I let out a short, impatient laugh, my own posture bending to meet him halfway. “I swear to god, Tyler, if you don’t kiss me right this s—”
His lips are a few dry ridges rougher than I expected, but as soon as his mouth leans into mine, all I can think is, Finally . He doesn’t take it slow; this is not like a first kiss at the end of a good first date, when you’re both pretty sure the other person wants to kiss you just as much as you want to kiss them, but not sure enough to go for it. Because Tyler fucking goes for it. His tongue licks my bottom lip and I open my mouth and it’s intense and heavy and hot . His touch slides down my spine, roaming until it finds the hem of my shirt. When I drag one hand into his hair so I can gently tug a fistful, he groans into my mouth.
“We have to stop,” he whispers, although our lips are still touching, our torsos still converged across as much surface area as possible.
No, my brain protests immediately. Then, More . I want more. I want all .

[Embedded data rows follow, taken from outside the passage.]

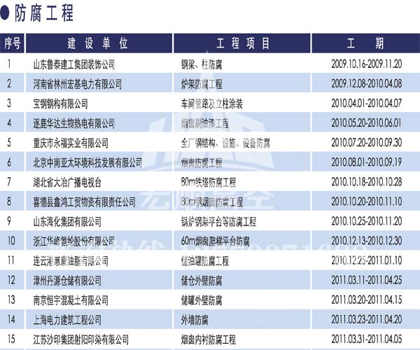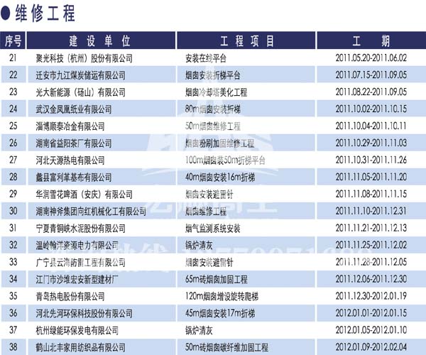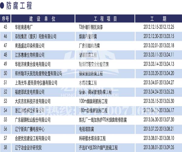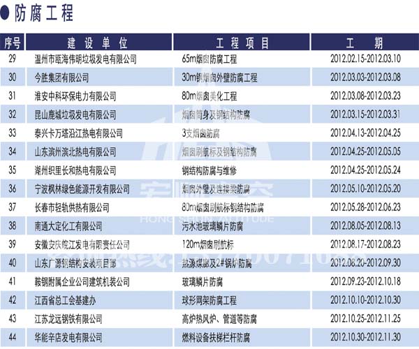 宏順建設(shè)工程有限公司是國(guó)家批準(zhǔn)成立的專(zhuān)業(yè)高空作業(yè)企業(yè):承攬過(guò)(國(guó)內(nèi).國(guó)外)煙囪新建、煙囪防腐、吊機(jī)防腐、水塔防腐、管道防腐、龍門(mén)吊防腐、儲(chǔ)存罐防腐、煙囪內(nèi)壁防腐等高空作業(yè)工程。具有“不搭腳手架 、 不需要停產(chǎn)”施工特點(diǎn)。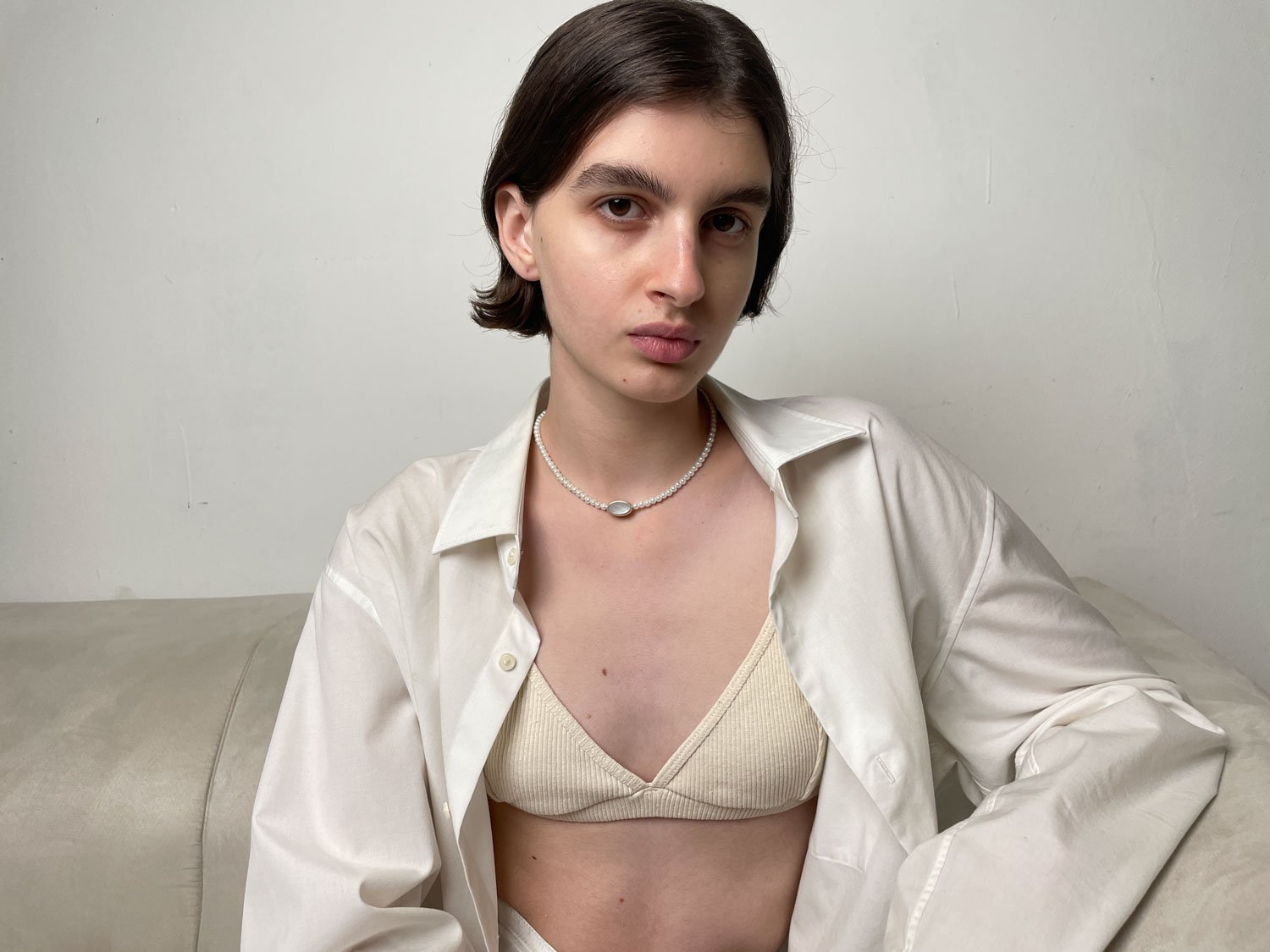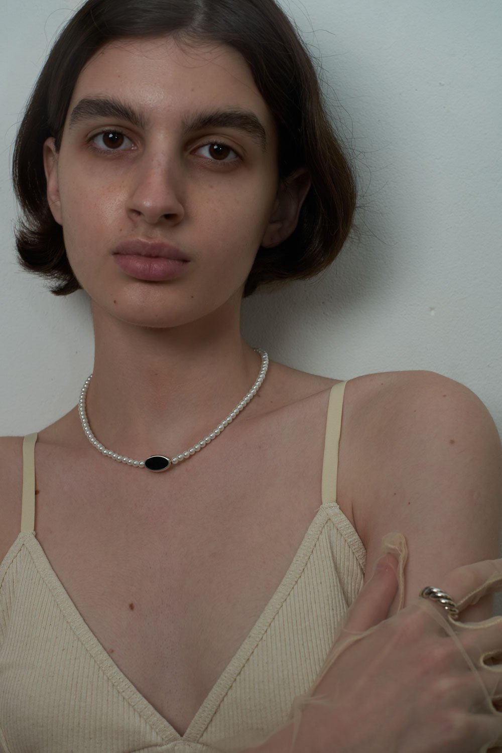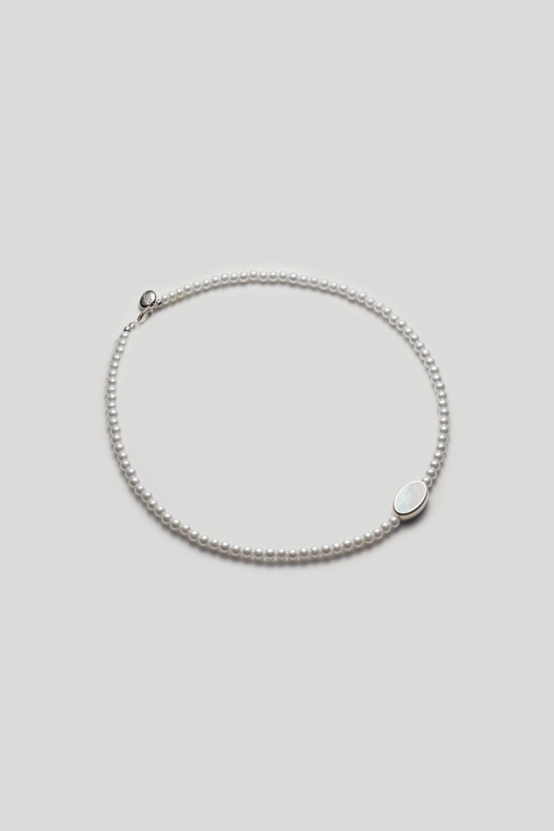 15 % Sterling Silver / 2 % Mother of Pearl / 83 % Matte Glass Pearls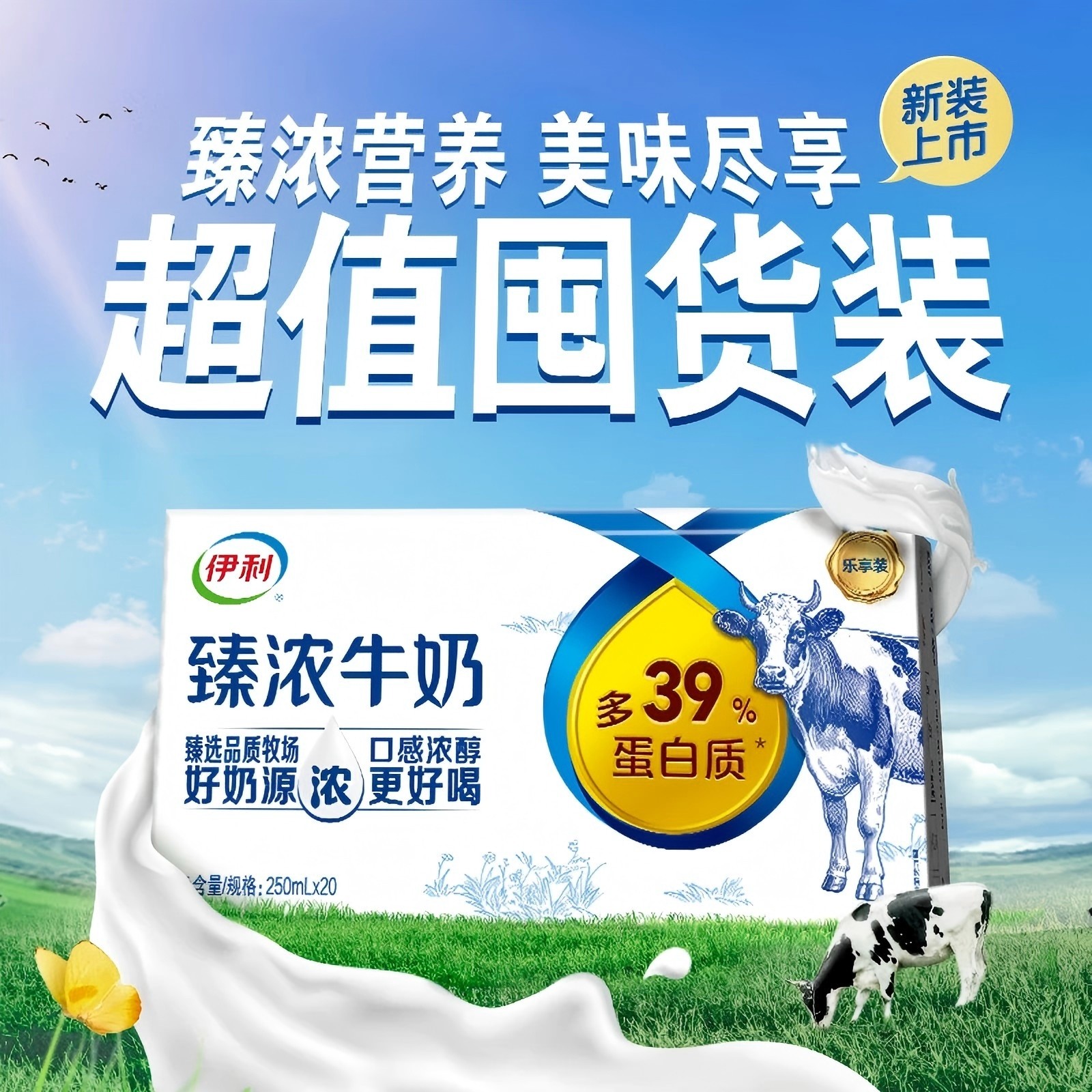 1月产伊利臻浓牛奶无菌砖250ml*20盒整箱装儿童学生成人早餐牛奶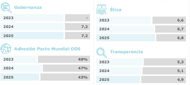 En conxunto, os resultados desta categoría amosan que as empresas galegas do Atlas presentan unha base sólida en materia de bo goberno, con avances na integración da sostibilidade nas estruturas de decisión e na consolidación de políticas éticas. Non obstante, a transparencia informativa e a adhesión a marcos internacionais de compromiso continúan a ser ámbitos nos que existe marxe de mellora, especialmente nun contexto no que a rendición de contas empresarial está chamada a adquirir unha relevancia crecente.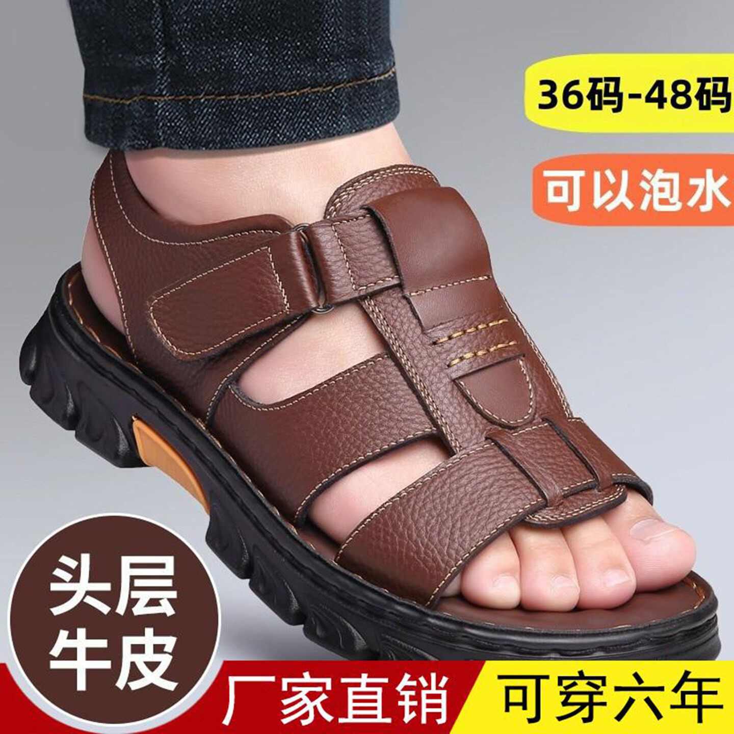 凯丽镂空网面凉鞋2026夏季男士真皮软底软面沙滩鞋防滑耐磨空调a3

“I know,” I say, pulling away but not standing up, not just yet.
Our breathing is labored, like we actually went all the way instead of simply kissing for a minute—or was it twenty?
“You should go,” he says. His eyes have this haziness to them now, and he’s trying to maintain eye contact but failing as he keeps glancing at my lips, which must be as swollen as his are.
“Why?” I ask, and then want to fling myself out the window when I hear how whiny I sound.
“Because—” He shifts in his seat, the movement drawing my attention to the hardness under my thighs. Instinctively, I glance down. When I look back up, he’s smiling. “Well, because of that,” he says through a dark chuckle. “Because you drive me wild, and if you don’t leave right now, if you, god forbid, stay the night—” He swallows, and the unyielding hunger in his voice and on his face makes me want to ignore everything he’s saying and go in for another kiss. “I already know for a fact that nothing short of the apocalypse will get me out of bed come morning.”
I can’t resist. I trace his jaw from the bottom of his chin to his earlobe, lean in, and whisper, “And I already know something else that would’ve made you come in the morning.” He lets out a guttural groan that sounds like it’s barely tethered to his last shred of sensibleness, and I add, “Again.”